Michael Avenatti Indicted for Allegedly Stealing $1.6 Million From Client

Minnie Murray
April 14, 2019

"Avenatti stole millions of dollars from five clients and used a tangled web of shell companies and bank accounts to cover up the theft, the Santa Ana grand jury alleged in an indictment that prosecutors will make public Thursday", the Times reported.

"Authorities charge that Avenatti threatened to hold a news conference on the eve of the NCAA college basketball tournament to reveal damaging allegations against Nike unless it paid his client $1.5 million and agreed to hire Avenatti and another lawyer for $15 million to $25 million to conduct an "internal investigation" into the purported allegations". The proceeds were wired to Avenatti, who allegedly "drained the entire settlement payment from his law firms' trust account and used portions of the settlement to finance his coffee business or pay personal expenses", the USA attorney's office statement said. One of his businesses, Global Baristas US LLC, failed to file employment tax returns and didn't pay $3.2 million in federal payroll taxes, which had been withheld from employee paychecks.

Avenatti used another $2.5 million in settlement money belonging to another client to help pay for a private jet, the indictment said.

Prosecutors from the Southern District of NY said in a charging document that Avenatti tried to get the money by "threatening to use his ability to garner publicity to inflict substantial financial & reputational harm on the company if his demands were not met".

Prosecutors in the office of the U.S. Attorney for California's Central District have charged Avenatti with 10 counts of wire fraud, accusing him of misusing more than $12 million he received on behalf of clients following settlements and other negotiations.

As prosecutors outlined the charges, Avenatti appeared briefly in Los Angeles Superior Court to answer questions about money he owes attorney Jason Frank for legal work he performed.

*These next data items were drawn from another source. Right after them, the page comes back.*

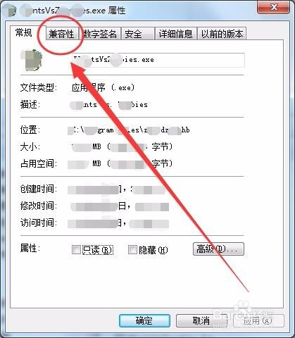 属性窗口中,选择兼容性选项卡。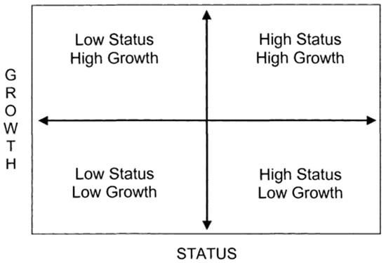 Figure 2 is the “status and growth map” proposed by Weiss et al. (2008) [], which provides a good illustration of how to consider the status and growth of student achievement. It divides the four areas based on a reference line according to “growth” and “status”, representing four different groups.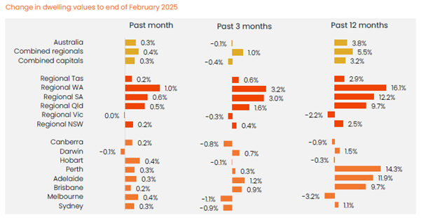 - Regional housing values rose by 0.4% in February, slightly outpacing capital city growth.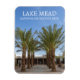 Palm trees line the walkway to the Lake Mead National Recreation Area Visitor Center in Boulder City, Nevada.
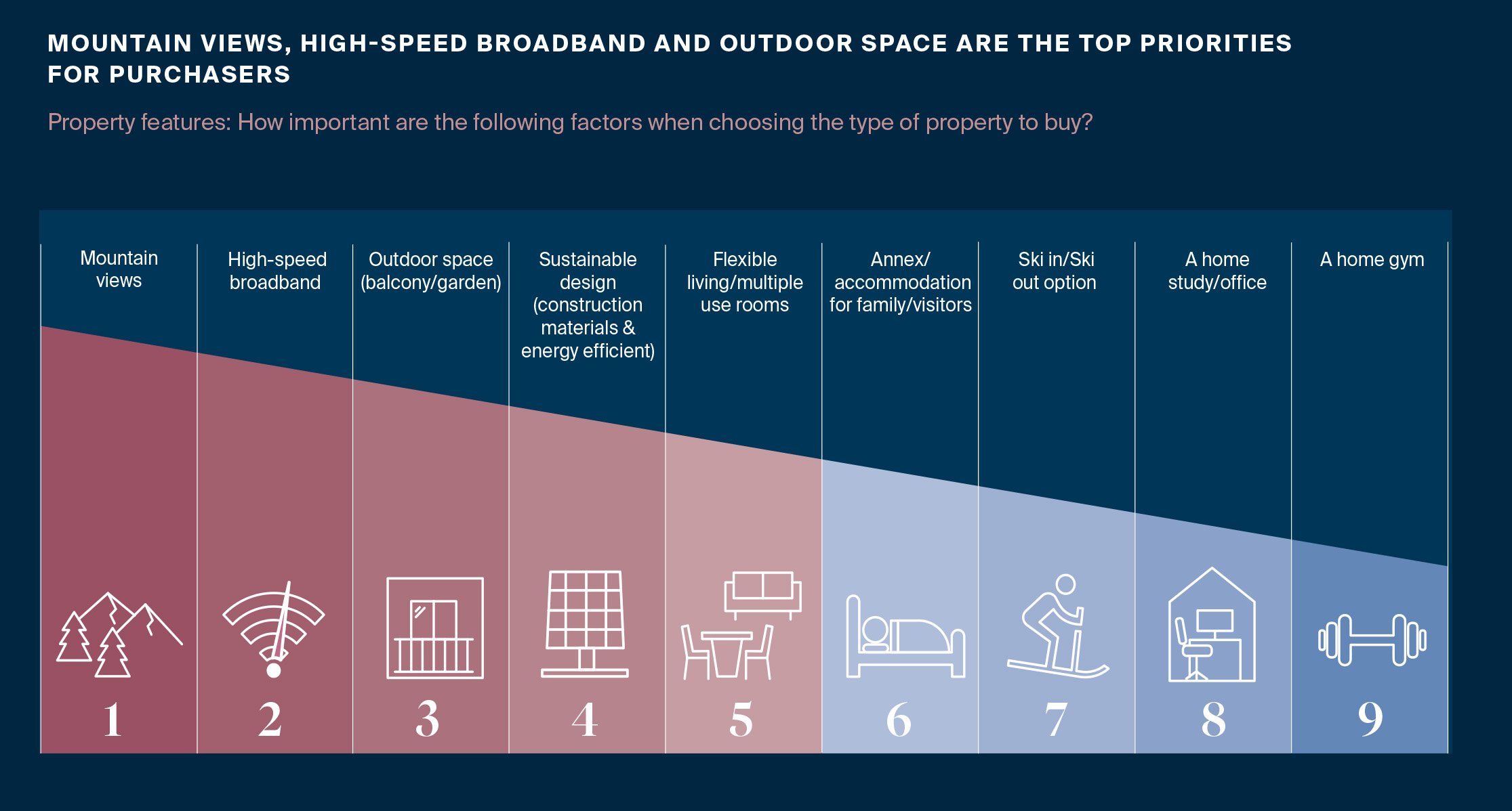 Mountain views, high-speed broadband and outdoor space, are the top priorities for purchasers, all of which have grown in demand since the pandemic.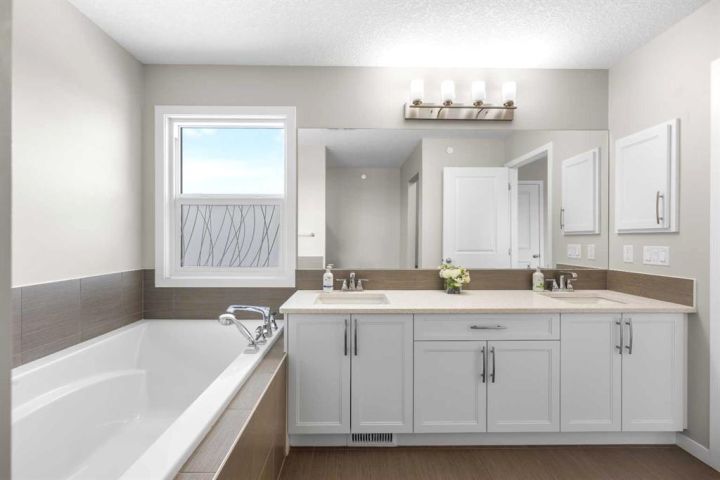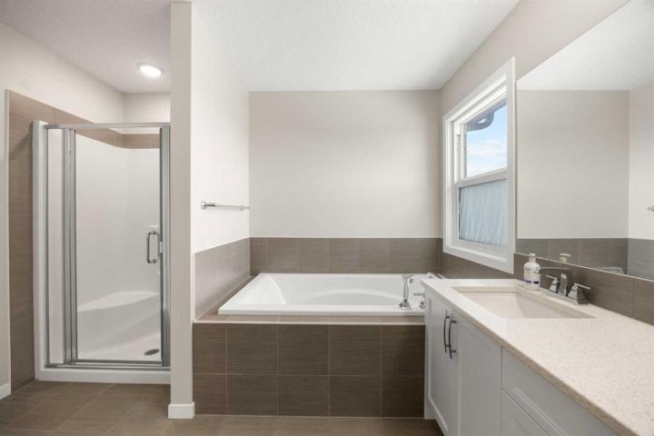 On the upper level, a large Bonus Room with vaulted ceiling provides the perfect space for family movie nights or relaxation. The spacious Primary suite features a large Walk-In Closet and a spa-inspired 5-piece ensuite with double vanity, soaker tub, and separate shower. Two additional well-sized Bedrooms, a 4-piece Bath, and an upper Laundry Room with closet organizer complete the upper floor.

Wednesday's indictment comes two weeks after federal prosecutors in Manhattan and Los Angeles charged Avenatti, who became a household name during his representation of adult-film actress Stephanie Clifford, known professionally as Stormy Daniels, almost simultaneously in two criminal cases. The charges could carry a potential prison sentence of 335 years in prison.

In addition to Client 1, Hanna said, Avenatti followed a similar pattern with four other clients.


The 61-page indictment alleges Avenatti embezzled from a paraplegic man and four other clients and deceived them by shuffling money between accounts to pay off small portions of what they were due to lull them into thinking they were getting paid.

Hanna said the Avenatti case "has nothing to do with anything political or with anything else".

In November, when the Social Security Administration requested information to determine if Johnson should continue to receive disability benefits, Avenatti said he would respond, but didn't because he knew it could lead to the discovery of his embezzlement, the indictment said.

He also tweeted a signed statement from Geoffrey Johnson praising Avenatti for advocating for him.

According to the indictment, Johnson's efforts to buy a house failed because Avenatti withheld the settlement money, and Avenatti lied to the U.S. Social Security Administration about the settlement to hide the embezzlement, leading the agency to cut off Johnson's benefits.

After Avenatti was questioned about the alleged embezzlement during a judgment-debtor examination in federal court March 22, the indictment said he fabricated a defence for himself.

Avenatti became a prominent critic of Trump and a frequent cable TV guest while representing Daniels, whose real name is Stephanie Clifford.

Robbins, a former federal prosecutor, said he was surprised Avenatti posted the statement.